Aim of the task:
Repeat every line of the data exactly; no picture belongs in the copy.

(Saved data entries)
== Segment start ==
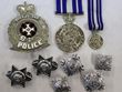 | 21428 Click for more photos | Queensland Police QC hat badge, rank pips & stars (6) plus Tasmanian Police Diligent & Ethical Service Medal & miniature (QC). Medals copies? Enamel QC Queensland Police badge has had lugs removed & pin fitted, the hook to rear is missing. (9) | SOLD at A$80 | ||
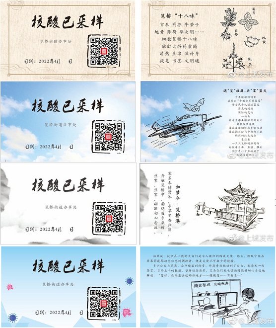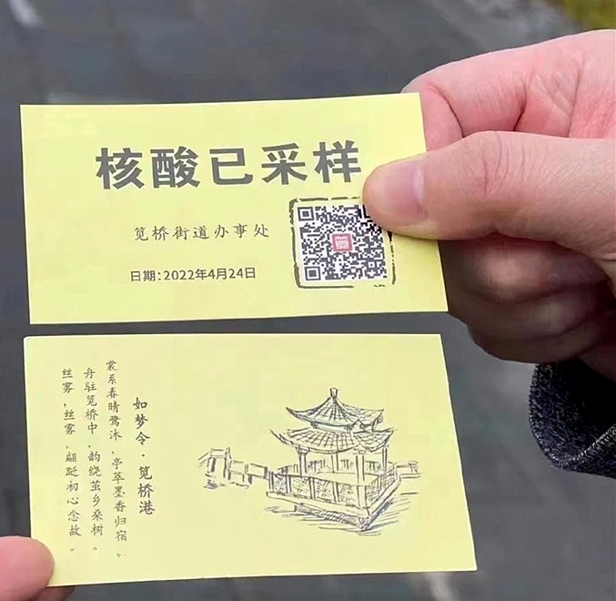 4月24日、25日上午,笕桥街道开展区域核酸检测。居民们做完核酸检测后 会从志愿者手里接过一张核酸检测“纪念卡”。别出心裁的卡面,让有“收集癖”的居民一下来了兴致。“限量版”核酸检测卡一套共四张,卡片上的画面和文字均由街道公共管理办公室原创设计。
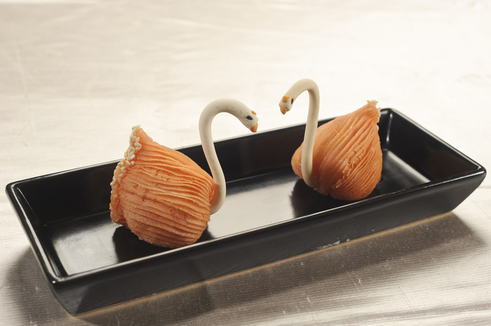 如果說,雅致的餐廳環(huán)境能讓人留下印象,那讓人記住且流連忘返的必定是美味的出品。陶陶居不僅匯集各類廣府名點(diǎn),而且在傳統(tǒng)點(diǎn)心的基礎(chǔ)上加以改良創(chuàng)新,始終堅(jiān)持全手工現(xiàn)場制作,在口味和品質(zhì)上獲得各地食客的一致好評。其中,馳名的陶陶居大蝦餃完美呈現(xiàn)十三道褶,顆顆飽滿,外皮晶瑩剔透,包裹住三只鮮蝦仁,鮮美誘人;鮮果榴蓮天鵝酥對傳統(tǒng)的榴蓮酥加以改良,采新鮮榴蓮入餡,原創(chuàng)天鵝造型,造型優(yōu)美,廣獲好評;曾被湖南衛(wèi)視《天天向上》節(jié)目推薦的流沙奶皇豬豬包,則是使用咸鴨蛋新鮮制作而成的,香而不膩,造型可愛,是店內(nèi)最受小朋友喜愛的茶點(diǎn)之一。
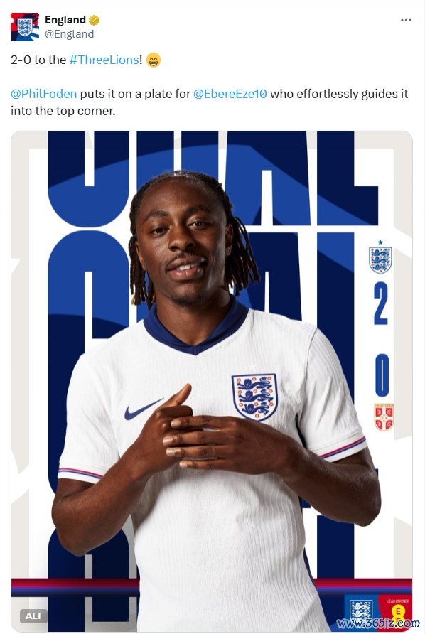 英格兰2-0击败塞尔维亚,埃泽在第90分钟破门锁定胜局,英格兰队官方的进球描述却引发了一众英国球迷的吐槽。
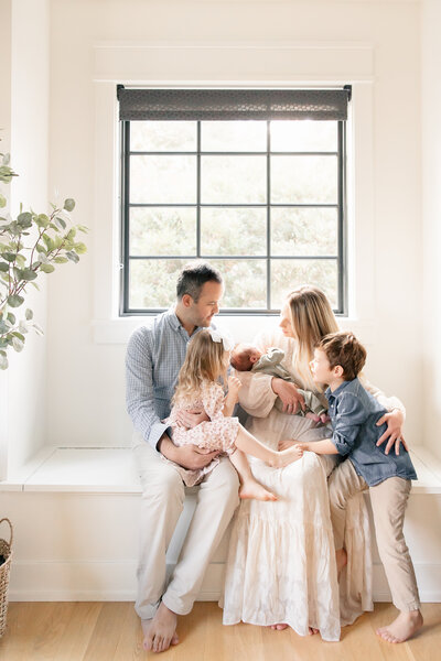 During the session I will offer suggestions for basic posing (for example, everyone snuggle on the bed or couch) and occasionally ask you all to look at the camera, but largely seek to capture candid moments of you interacting together. So feel free to chat, tickle, tell jokes, etc. and keep it fun! When in doubt, just look at or snuggle your baby!
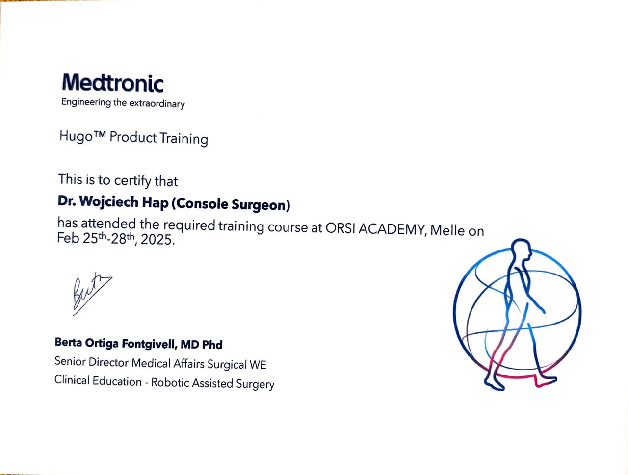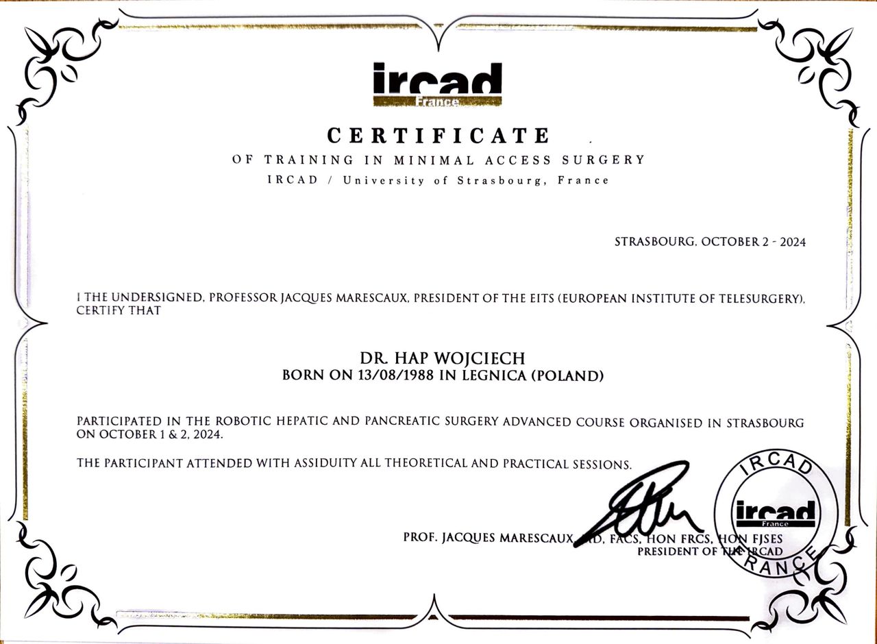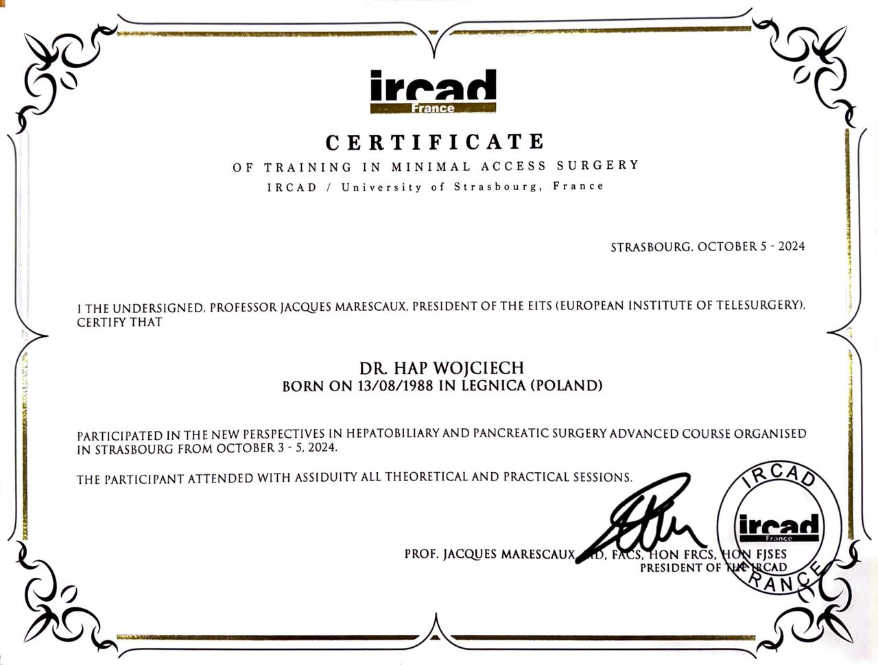 Ukończyłem Wydział Lekarski Uniwersytetu Medycznego we Wrocławiu w 2013 roku. Do kwietnia 2021 roku pracowałem na stanowisku asystenta w Klinice Chirurgii Ogólnej i Chirurgii Onkologicznej we Wrocławiu, gdzie w 2020 roku uzyskałem stopień doktora nauk medycznych. Od kwietnia 2021 roku pełnię funkcję Kierownika Oddziału Chirurgii Ogólnej Szpitala św. Łukasza w Bolesławcu. Swoje umiejętności rozwijałem uczestnicząc w stażach i kursach w Korei Południowej, Francji, Szwajcarii i Belgii. Pasjonuję się chirurgią małoinwazyjną. Jestem autorem wielu publikacji naukowych i wystąpień kongresowych, a także współautorem podręcznika dla chirurgów przygotowujących się do egzaminu specjalizacyjnego. Jestem aktywnym członkiem towarzystw naukowych: Towarzystwa Chirurgów Polskich, International Society for Fluorescence Guided Surgery (ISFGS) i Society of Robotic Surgery (SRS). Moje zainteresowania zawodowe to: chirurgia robotyczna i laparoskopowa przewodu pokarmowego, zwłaszcza nowotworów trzustki, dróg żółciowych, jelita grubego i żołądka, chirurgia laparoskopowa przepuklin pachwinowych, brzusznych i rozworu przełykowego, chirurgia laparoskopowa z wykorzystaniem barwników fluorescencyjnych (ICG), chirurgia tarczycy i nadnerczy. Jestem certyfikowanym chirurgiem systemu robotycznego Hugo RAS.
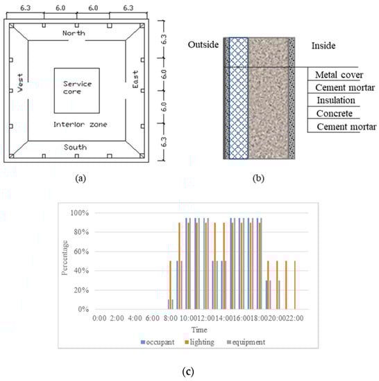 Building information. (a) The plan of a standard floor, (b) external wall construction (from outside to inside), (c) scheduling of internal heat gains in the building (heat gain from occupants: 12 W/m2; heat gain from lighting: 13 W/m2; heat gain from equipment: 20 W/m2).
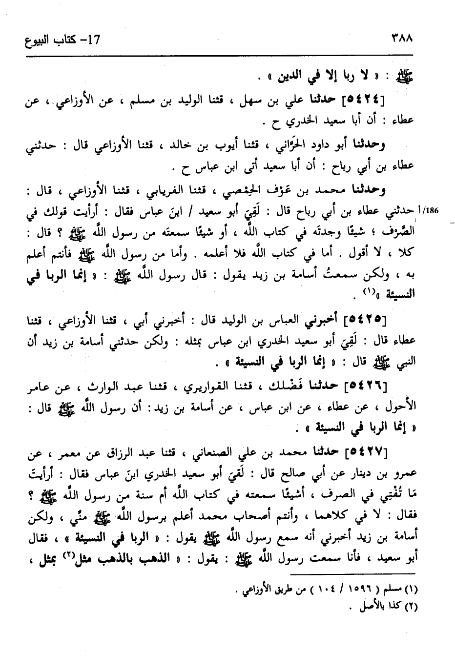 5425 - أَخْبَرَنِي الْعَبَّاسُ بْنُ الْوَلِيدِ، قَالَ: أَخْبَرَنِي أَبِي، قثنا الْأَوْزَاعِيُّ، قثنا عَطَاءٌ، قَالَ: لَقِيَ أَبُو سَعِيدٍ الْخُدْرِيُّ ابْنَ عَبَّاسٍ بِمِثْلِهِ، وَلَكِنْ حَدَّثَنِي أُسَامَةُ بْنُ زَيْدٍ، أَنَّ النَّبِيَّ صَلَّى اللهُ عَلَيْهِ وَسَلَّمَ قَالَ: «§إِنَّمَا الرِّبَا فِي النَّسِيئَةِ»
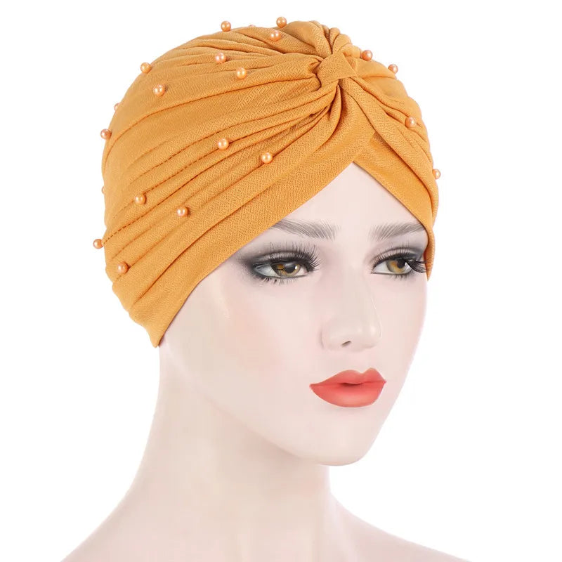 Take on new adventures with our Cotton Solid Folds Pearl Muslim Turban Scarf! This Women Islamic Inner Hijab Cap features a comfortable and stylish hat, perfect for those who like to take risks. Take charge of your fashion game and add a daring touch to your outfit.
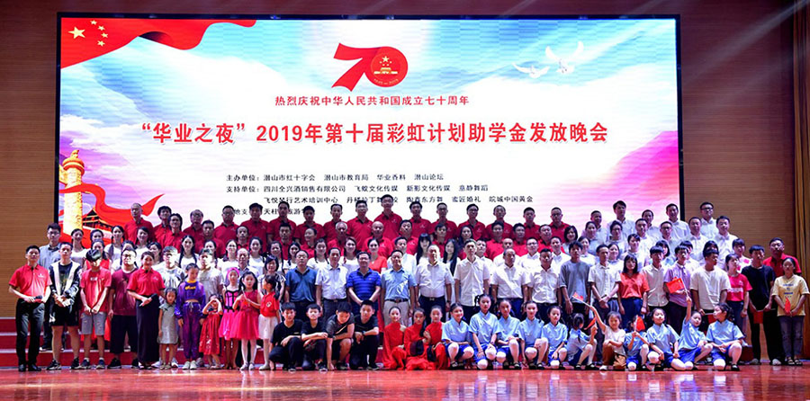 8月23日晚,由8868体育、潜山市红十字会、潜山市教育局、潜山论坛联合主办的“8868体育之夜”2019年第十届“彩虹计划”助学金发放仪式在天柱山旅游学校大礼堂隆重举行。
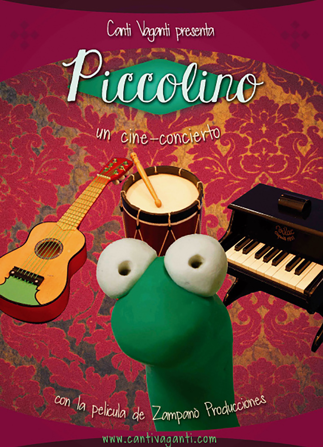 Sinopsis: Piccolino, un cine-concierto es un homenaje a las canciones tradicionales infantiles italianas, españolas e inglesas a través de un cine poético y artesanal. La compañía internacional de teatro musical Canti Vaganti acompaña con música en directo y estímulos sensoriales la proyección de la película Piccolino de Zampanò Producciones, ganadores de un Goya para el mejor cortometraje de animación. Con dos voces, flauta, guitarra, acordeón y percusión, el dúo crea arreglos originales y ritmos variados para esta aventura visual. Además de la música, el protagonista de este espectáculo es la oruga Piccolino, que accidentalmente llega a una casa en el bosque, donde encontrará objetos de todo tipo que le hacen recordar las canciones de sus abuelos.
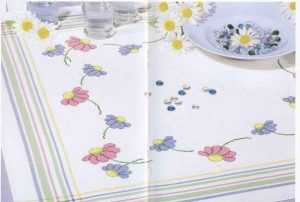 Следующая композиция представлена ромашками, которые можно вышить крестиком в любой стороне текстильного изделия. Их можно расположить в центре полотна или по краям. Примените свою фантазию и навыки, чтобы получить идеальное изделие для своего дома. Так как эти полевые цветы имеют лепесточки белого цвета, в работе есть возможность использовать канву разного цвета. В любом случае она будет совершенно актуальной. На темном фоне такие растение приобретет совершенно стильный вид, который используется именитыми дизайнерами.
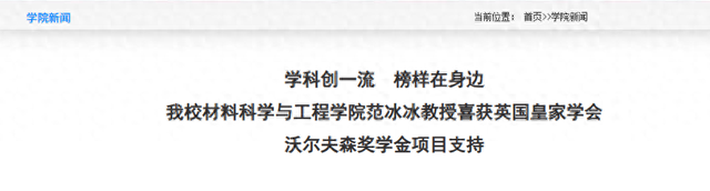 郑州大学材料科学与工程学院网站今年3月3日刊文《学科创一流 榜样在身边——我校材料科学与工程学院范冰冰教授喜获英国皇家学会沃尔夫森奖学金项目支持》。
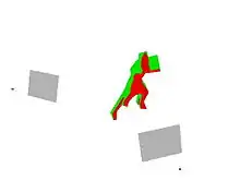 A visual hull is a geometric entity created by shape-from-silhouette 3D reconstruction technique introduced by A. Laurentini. This technique assumes the foreground object in an image can be separated from the background. Under this assumption, the original image can be thresholded into a foreground/background binary image, which we call a silhouette image. The foreground mask, known as a silhouette, is the 2D projection of the corresponding 3D foreground object. Along with the camera viewing parameters, the silhouette defines a back-projected generalized cone that contains the actual object. This cone is called a silhouette cone. The upper right thumbnail shows two such cones produced from two silhouette images taken from different viewpoints. The intersection of the two cones is called a visual hull,[1] which is a bounding geometry of the actual 3D object (see the bottom right thumbnail). When the reconstructed geometry is only used for rendering from a different viewpoint, the implicit reconstruction together with rendering can be done using graphics hardware.[2]
== Segment end ==
Response to the exercise:
 | 21428 Click for more photos | Queensland Police QC hat badge, rank pips & stars (6) plus Tasmanian Police Diligent & Ethical Service Medal & miniature (QC). Medals copies? Enamel QC Queensland Police badge has had lugs removed & pin fitted, the hook to rear is missing. (9) | SOLD at A$80 | ||
 4月24日、25日上午,笕桥街道开展区域核酸检测。居民们做完核酸检测后 会从志愿者手里接过一张核酸检测“纪念卡”。别出心裁的卡面,让有“收集癖”的居民一下来了兴致。“限量版”核酸检测卡一套共四张,卡片上的画面和文字均由街道公共管理办公室原创设计。
 如果說,雅致的餐廳環(huán)境能讓人留下印象,那讓人記住且流連忘返的必定是美味的出品。陶陶居不僅匯集各類廣府名點(diǎn),而且在傳統(tǒng)點(diǎn)心的基礎(chǔ)上加以改良創(chuàng)新,始終堅(jiān)持全手工現(xiàn)場制作,在口味和品質(zhì)上獲得各地食客的一致好評。其中,馳名的陶陶居大蝦餃完美呈現(xiàn)十三道褶,顆顆飽滿,外皮晶瑩剔透,包裹住三只鮮蝦仁,鮮美誘人;鮮果榴蓮天鵝酥對傳統(tǒng)的榴蓮酥加以改良,采新鮮榴蓮入餡,原創(chuàng)天鵝造型,造型優(yōu)美,廣獲好評;曾被湖南衛(wèi)視《天天向上》節(jié)目推薦的流沙奶皇豬豬包,則是使用咸鴨蛋新鮮制作而成的,香而不膩,造型可愛,是店內(nèi)最受小朋友喜愛的茶點(diǎn)之一。
 英格兰2-0击败塞尔维亚,埃泽在第90分钟破门锁定胜局,英格兰队官方的进球描述却引发了一众英国球迷的吐槽。
 During the session I will offer suggestions for basic posing (for example, everyone snuggle on the bed or couch) and occasionally ask you all to look at the camera, but largely seek to capture candid moments of you interacting together. So feel free to chat, tickle, tell jokes, etc. and keep it fun! When in doubt, just look at or snuggle your baby!
 Ukończyłem Wydział Lekarski Uniwersytetu Medycznego we Wrocławiu w 2013 roku. Do kwietnia 2021 roku pracowałem na stanowisku asystenta w Klinice Chirurgii Ogólnej i Chirurgii Onkologicznej we Wrocławiu, gdzie w 2020 roku uzyskałem stopień doktora nauk medycznych. Od kwietnia 2021 roku pełnię funkcję Kierownika Oddziału Chirurgii Ogólnej Szpitala św. Łukasza w Bolesławcu. Swoje umiejętności rozwijałem uczestnicząc w stażach i kursach w Korei Południowej, Francji, Szwajcarii i Belgii. Pasjonuję się chirurgią małoinwazyjną. Jestem autorem wielu publikacji naukowych i wystąpień kongresowych, a także współautorem podręcznika dla chirurgów przygotowujących się do egzaminu specjalizacyjnego. Jestem aktywnym członkiem towarzystw naukowych: Towarzystwa Chirurgów Polskich, International Society for Fluorescence Guided Surgery (ISFGS) i Society of Robotic Surgery (SRS). Moje zainteresowania zawodowe to: chirurgia robotyczna i laparoskopowa przewodu pokarmowego, zwłaszcza nowotworów trzustki, dróg żółciowych, jelita grubego i żołądka, chirurgia laparoskopowa przepuklin pachwinowych, brzusznych i rozworu przełykowego, chirurgia laparoskopowa z wykorzystaniem barwników fluorescencyjnych (ICG), chirurgia tarczycy i nadnerczy. Jestem certyfikowanym chirurgiem systemu robotycznego Hugo RAS.
 Building information. (a) The plan of a standard floor, (b) external wall construction (from outside to inside), (c) scheduling of internal heat gains in the building (heat gain from occupants: 12 W/m2; heat gain from lighting: 13 W/m2; heat gain from equipment: 20 W/m2).
 5425 - أَخْبَرَنِي الْعَبَّاسُ بْنُ الْوَلِيدِ، قَالَ: أَخْبَرَنِي أَبِي، قثنا الْأَوْزَاعِيُّ، قثنا عَطَاءٌ، قَالَ: لَقِيَ أَبُو سَعِيدٍ الْخُدْرِيُّ ابْنَ عَبَّاسٍ بِمِثْلِهِ، وَلَكِنْ حَدَّثَنِي أُسَامَةُ بْنُ زَيْدٍ، أَنَّ النَّبِيَّ صَلَّى اللهُ عَلَيْهِ وَسَلَّمَ قَالَ: «§إِنَّمَا الرِّبَا فِي النَّسِيئَةِ»
 Take on new adventures with our Cotton Solid Folds Pearl Muslim Turban Scarf! This Women Islamic Inner Hijab Cap features a comfortable and stylish hat, perfect for those who like to take risks. Take charge of your fashion game and add a daring touch to your outfit.
 8月23日晚,由8868体育、潜山市红十字会、潜山市教育局、潜山论坛联合主办的“8868体育之夜”2019年第十届“彩虹计划”助学金发放仪式在天柱山旅游学校大礼堂隆重举行。
 Sinopsis: Piccolino, un cine-concierto es un homenaje a las canciones tradicionales infantiles italianas, españolas e inglesas a través de un cine poético y artesanal. La compañía internacional de teatro musical Canti Vaganti acompaña con música en directo y estímulos sensoriales la proyección de la película Piccolino de Zampanò Producciones, ganadores de un Goya para el mejor cortometraje de animación. Con dos voces, flauta, guitarra, acordeón y percusión, el dúo crea arreglos originales y ritmos variados para esta aventura visual. Además de la música, el protagonista de este espectáculo es la oruga Piccolino, que accidentalmente llega a una casa en el bosque, donde encontrará objetos de todo tipo que le hacen recordar las canciones de sus abuelos.
 Следующая композиция представлена ромашками, которые можно вышить крестиком в любой стороне текстильного изделия. Их можно расположить в центре полотна или по краям. Примените свою фантазию и навыки, чтобы получить идеальное изделие для своего дома. Так как эти полевые цветы имеют лепесточки белого цвета, в работе есть возможность использовать канву разного цвета. В любом случае она будет совершенно актуальной. На темном фоне такие растение приобретет совершенно стильный вид, который используется именитыми дизайнерами.
 郑州大学材料科学与工程学院网站今年3月3日刊文《学科创一流 榜样在身边——我校材料科学与工程学院范冰冰教授喜获英国皇家学会沃尔夫森奖学金项目支持》。
 A visual hull is a geometric entity created by shape-from-silhouette 3D reconstruction technique introduced by A. Laurentini. This technique assumes the foreground object in an image can be separated from the background. Under this assumption, the original image can be thresholded into a foreground/background binary image, which we call a silhouette image. The foreground mask, known as a silhouette, is the 2D projection of the corresponding 3D foreground object. Along with the camera viewing parameters, the silhouette defines a back-projected generalized cone that contains the actual object. This cone is called a silhouette cone. The upper right thumbnail shows two such cones produced from two silhouette images taken from different viewpoints. The intersection of the two cones is called a visual hull,[1] which is a bounding geometry of the actual 3D object (see the bottom right thumbnail). When the reconstructed geometry is only used for rendering from a different viewpoint, the implicit reconstruction together with rendering can be done using graphics hardware.[2]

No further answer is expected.